The suspected leader of the Los Zetas drug cartel in the northern Mexican state of Nuevo Leon was killed earlier this week in a gunfight with army troops, who rescued eight kidnapping victims, the Defense Secretariat said.
Juan Carlos Cordoba Ocaña, “El Furcio,” considered “the main operator of the Los Zetas criminal organization in the city of Guadalupe,” was killed Monday in a shootout with 7th Military Region troops, the secretariat said.
The shootout started Monday afternoon while soldiers were checking out a tip from citizens about criminal activities at a house in Guadalupe, a city in the Monterrey metropolitan area.

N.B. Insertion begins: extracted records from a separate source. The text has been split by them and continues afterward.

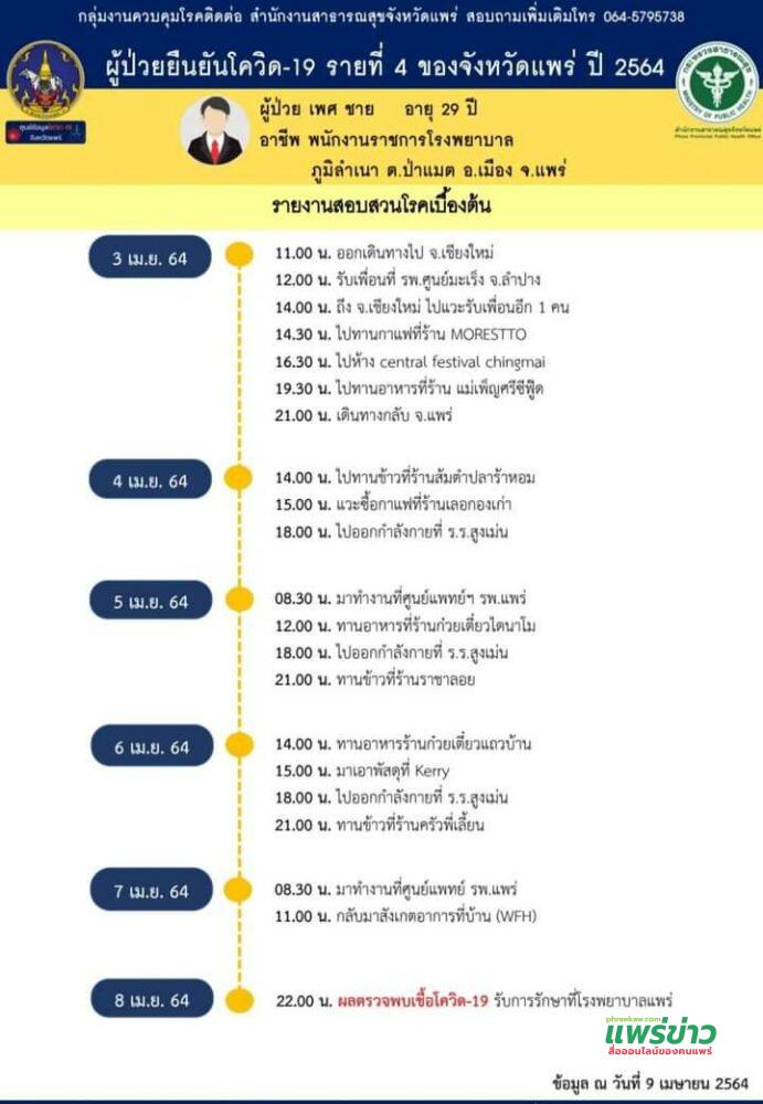 รายที่4เป็นชายวัย 29 ปีชาว ต.ป่าแมต อ.เมืองแพร่ พนักงานราชการร.พ.
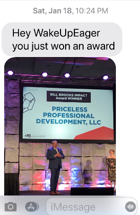 Ryan shared, "Hey WakeUpEager you just won an award." I sat down - stunned into silence and personally touched. I didn't win just any award - I won the Bill Brooks Impact Award! Wow!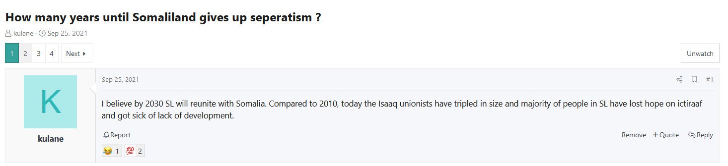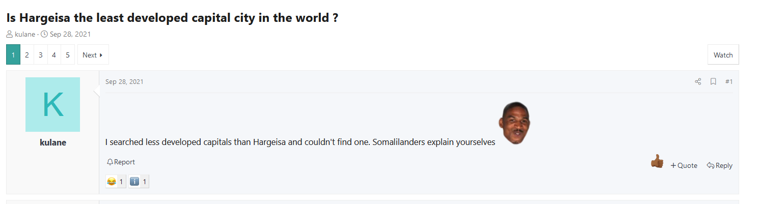 OP has less than 74 messages and has already made 4 useless threads within the last 6 weeks on Somaliland. Is Somaliland that much on your mind?

An unknown number of gunmen opened fire on the soldiers from inside the house and Cordoba Ocaña died in the gunfight, the secretariat said.
Soldiers arrested a suspect and seized “two rifles, two vehicles, ammunition clips, ammunition and tactical gear,” the Defense Secretariat said.
Four children, three women and a man being held captive at the house were rescued.
Cordoba Ocaña was in charge of contract hits, kidnappings and extortion rackets in Guadalupe, considered the most violent city of the nine in the area around Monterrey, the capital of Nuevo Leon state.
The Zetas boss was also blamed for a series of attacks with assault rifles and explosives on state police, the secretariat said.
Seven state police officers kidnapped in Guadalupe are still missing.
About 70 federal, state and municipal law enforcement agents have died in the drug-related violence in Nuevo Leon in the past year.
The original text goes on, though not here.